Materials provided =>
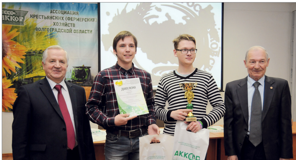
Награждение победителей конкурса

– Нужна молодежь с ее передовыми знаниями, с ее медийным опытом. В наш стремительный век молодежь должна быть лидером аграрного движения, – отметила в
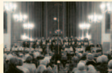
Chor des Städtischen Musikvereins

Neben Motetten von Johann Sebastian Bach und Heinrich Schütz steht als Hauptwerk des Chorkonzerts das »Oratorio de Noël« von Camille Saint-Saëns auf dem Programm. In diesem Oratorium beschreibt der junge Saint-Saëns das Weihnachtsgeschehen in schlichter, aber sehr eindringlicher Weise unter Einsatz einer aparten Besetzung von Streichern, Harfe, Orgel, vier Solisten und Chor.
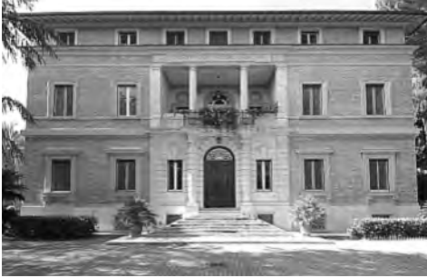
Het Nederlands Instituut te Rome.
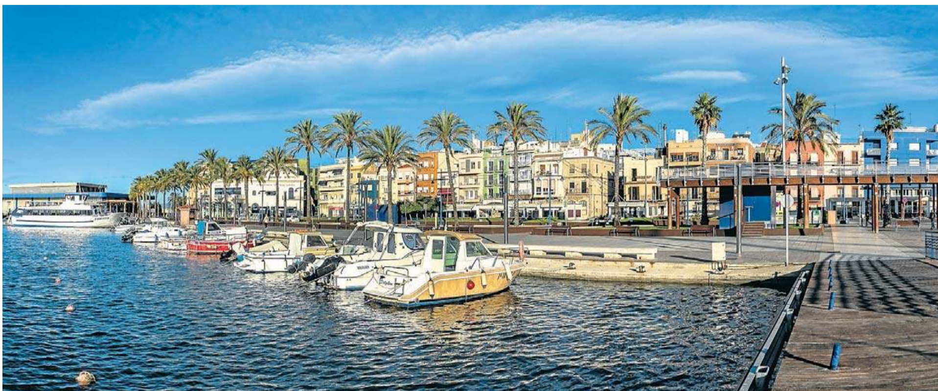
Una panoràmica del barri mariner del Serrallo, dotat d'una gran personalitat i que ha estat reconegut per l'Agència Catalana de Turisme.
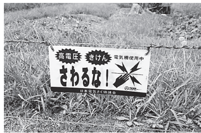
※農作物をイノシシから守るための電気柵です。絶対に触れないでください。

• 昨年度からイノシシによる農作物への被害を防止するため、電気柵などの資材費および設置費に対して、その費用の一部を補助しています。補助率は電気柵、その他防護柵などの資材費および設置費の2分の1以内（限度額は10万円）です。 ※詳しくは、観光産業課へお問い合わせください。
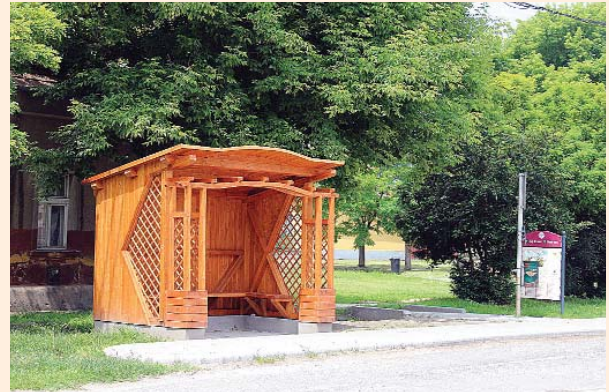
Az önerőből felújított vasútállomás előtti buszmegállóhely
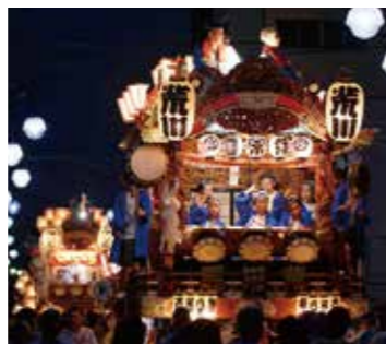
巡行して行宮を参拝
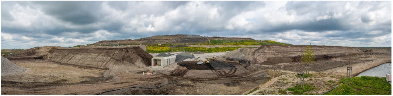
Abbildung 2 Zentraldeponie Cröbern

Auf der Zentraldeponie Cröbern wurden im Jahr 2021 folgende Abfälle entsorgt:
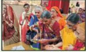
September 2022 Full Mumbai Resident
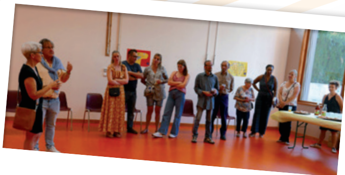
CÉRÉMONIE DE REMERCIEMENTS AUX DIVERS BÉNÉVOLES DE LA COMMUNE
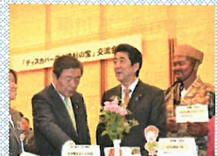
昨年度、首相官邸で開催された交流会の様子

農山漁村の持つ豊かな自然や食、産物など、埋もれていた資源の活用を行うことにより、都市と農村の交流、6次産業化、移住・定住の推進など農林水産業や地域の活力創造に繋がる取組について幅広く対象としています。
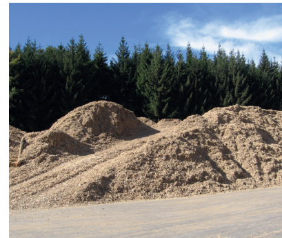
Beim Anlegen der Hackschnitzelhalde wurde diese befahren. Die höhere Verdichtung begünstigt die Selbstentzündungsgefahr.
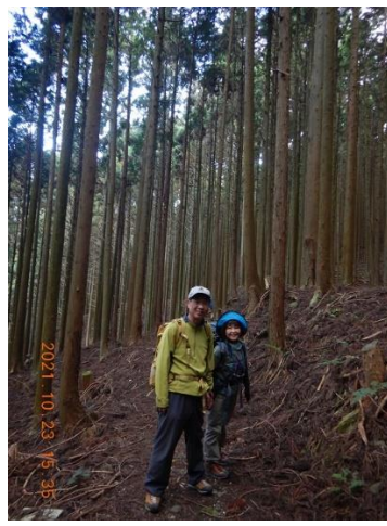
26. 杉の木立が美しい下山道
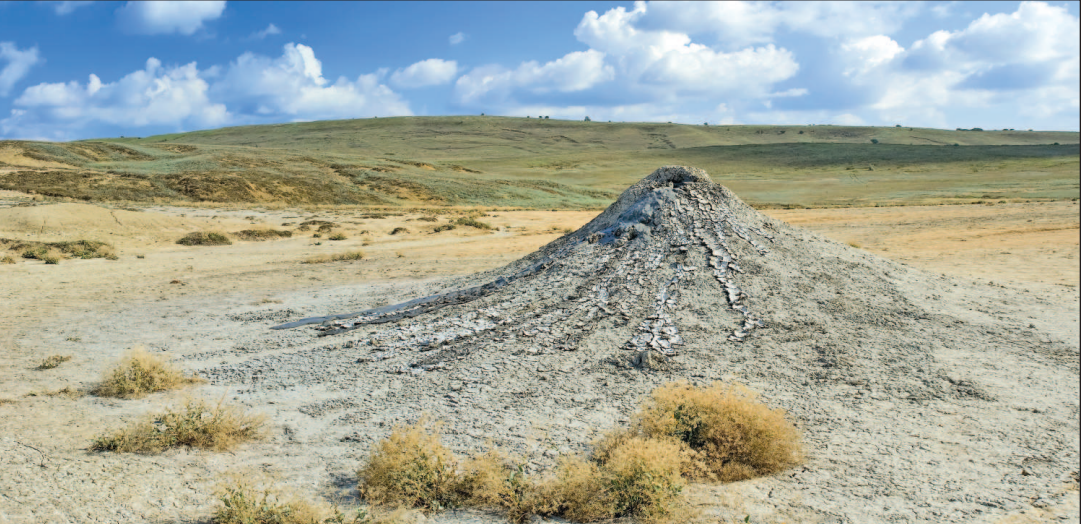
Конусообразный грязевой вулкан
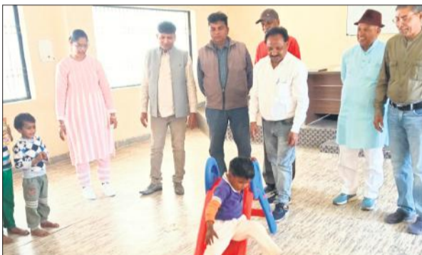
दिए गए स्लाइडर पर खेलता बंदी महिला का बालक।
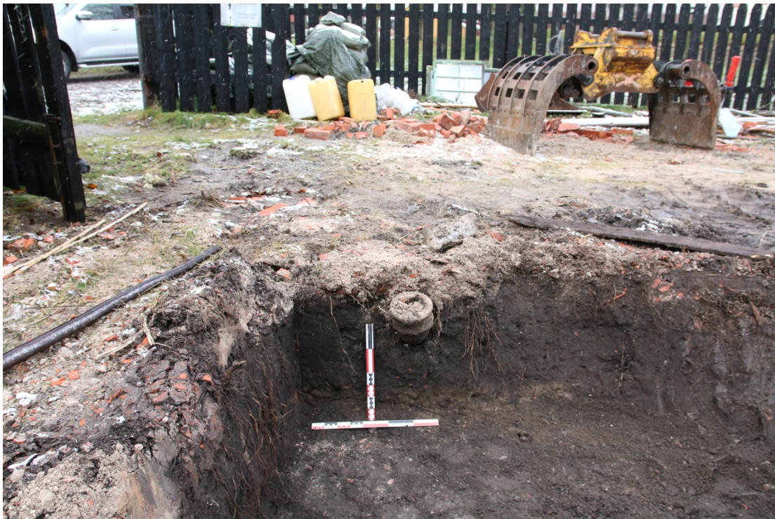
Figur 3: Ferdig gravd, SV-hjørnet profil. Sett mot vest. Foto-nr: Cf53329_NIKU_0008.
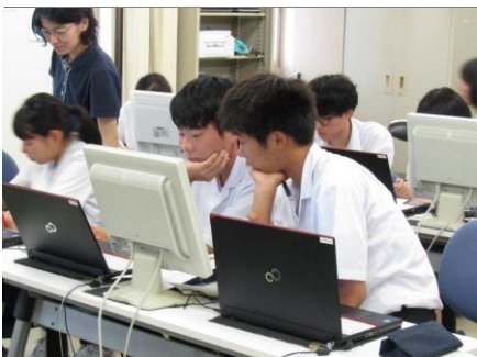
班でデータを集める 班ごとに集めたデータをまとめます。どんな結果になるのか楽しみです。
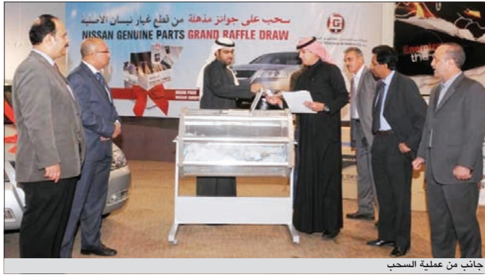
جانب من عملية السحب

...

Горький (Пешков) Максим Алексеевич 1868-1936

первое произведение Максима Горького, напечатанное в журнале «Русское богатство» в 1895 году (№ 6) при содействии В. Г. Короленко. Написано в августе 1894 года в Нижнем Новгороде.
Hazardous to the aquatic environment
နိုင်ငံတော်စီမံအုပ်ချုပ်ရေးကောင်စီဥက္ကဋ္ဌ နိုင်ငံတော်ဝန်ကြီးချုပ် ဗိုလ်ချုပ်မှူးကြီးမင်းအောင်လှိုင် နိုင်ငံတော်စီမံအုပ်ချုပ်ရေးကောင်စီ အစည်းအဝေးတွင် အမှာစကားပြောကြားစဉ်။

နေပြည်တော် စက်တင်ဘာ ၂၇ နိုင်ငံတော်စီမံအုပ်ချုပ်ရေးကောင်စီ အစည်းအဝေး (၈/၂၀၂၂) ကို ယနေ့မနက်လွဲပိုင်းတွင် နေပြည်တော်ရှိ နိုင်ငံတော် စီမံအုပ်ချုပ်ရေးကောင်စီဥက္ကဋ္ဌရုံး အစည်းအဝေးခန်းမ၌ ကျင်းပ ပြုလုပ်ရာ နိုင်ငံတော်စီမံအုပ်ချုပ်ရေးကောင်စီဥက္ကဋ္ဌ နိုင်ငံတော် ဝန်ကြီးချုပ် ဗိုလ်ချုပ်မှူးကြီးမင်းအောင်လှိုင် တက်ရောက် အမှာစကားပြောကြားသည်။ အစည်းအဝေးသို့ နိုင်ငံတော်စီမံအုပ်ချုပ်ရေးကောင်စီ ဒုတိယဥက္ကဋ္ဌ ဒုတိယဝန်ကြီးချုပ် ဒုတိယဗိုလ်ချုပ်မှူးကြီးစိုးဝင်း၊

Problem statement =>
Could you write out exactly the lines of the data above that run from the one holding "Конусообразный грязевой вулкан" to the one holding "جانب من عملية السحب", with both ends in and all pictures out?

Task answer =>
Конусообразный грязевой вулкан
दिए गए स्लाइडर पर खेलता बंदी महिला का बालक।
Figur 3: Ferdig gravd, SV-hjørnet profil. Sett mot vest. Foto-nr: Cf53329_NIKU_0008.
班でデータを集める 班ごとに集めたデータをまとめます。どんな結果になるのか楽しみです。
جانب من عملية السحب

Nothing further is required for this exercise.